Tale of the long tail, Part 2

In part two of this two-part column, small machine builders in the long tail market, and their suppliers, are using the Internet in a way that lets them enjoy the same service as their larger brethren.

Dan Hebert, PEBy Dan Hebert, PE, Senior Technical Editor

MY JUNE "MoJo” column, "Tale of the Long Tail, Part 1," examined how the machine-builder marketplace in North America fits the long-tail model. This means the builders and their relative sizes collectively make up a distribution chart that looks like a mouse with a very long tail. This time we’ll look at how the small machine builders in that long tail—and their suppliers—use the Internet and other tools in a way that lets them enjoy the same level of service as their larger brethren.

As Control Design’s March 2006 survey revealed, machine builders often turn to the Internet for supplier information. Specifically, they often go to automation-supplier websites first. Suppliers can’t send an automation specialist to each of the thousands of small North America machine builders, but they can afford to provide lots of useful information via their websites.

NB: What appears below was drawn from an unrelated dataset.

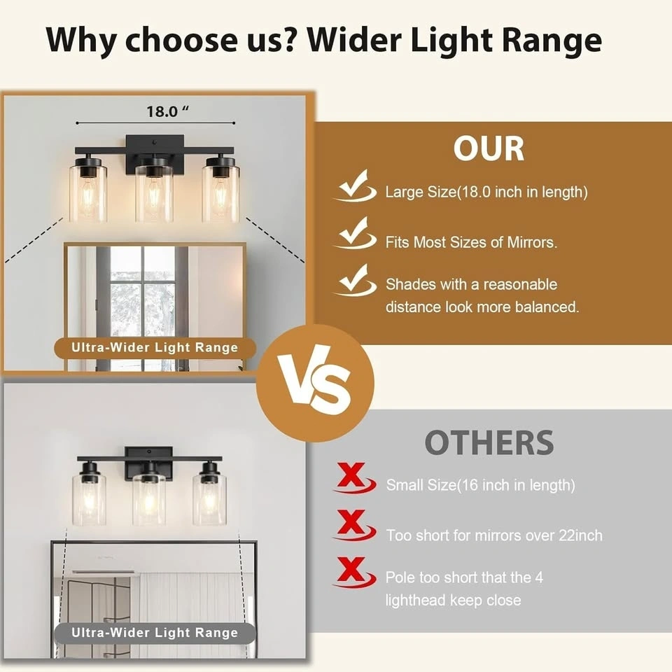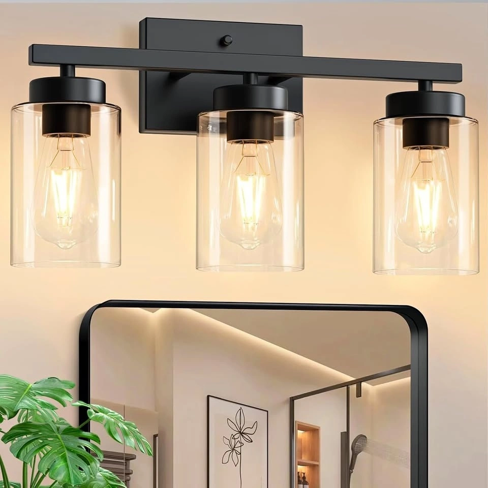 BNIB 3-Light Black Bathroom Vanity Light (Clear Glass Shades)
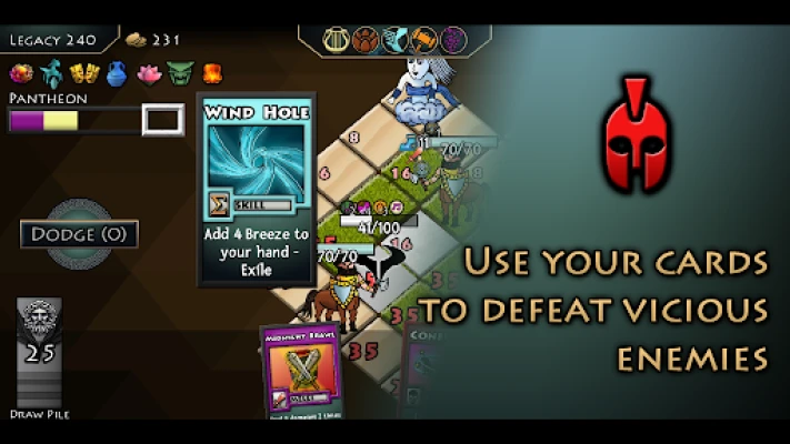 Defeat Greek mythology heroes and monsters on your quest as Kronos to dethrone your son all mighty Zeus. Gather various cards and build the best deck to unleash powerful combos and effects.

AutomationDirect was a pioneer in this area. First with its print catalogs and now with its website, the company reached out aggressively and successfully to the long tail of the machine-builder market via a direct-sales model. The company’s success indicates that its model has in many cases served your needs better than the traditional, local-distributor sales channel.

“The ability to sell high-technology automation products for very low prices depends on the efficiencies inherent in direct marketing,” says George Kaufman, AutomationDirect’s director of product development and management. “Customers can use our website to select appropriate products, view specifications, get pricing, and view technical manuals. They also can access their orders’ status, open invoices, and generate quotes on line.”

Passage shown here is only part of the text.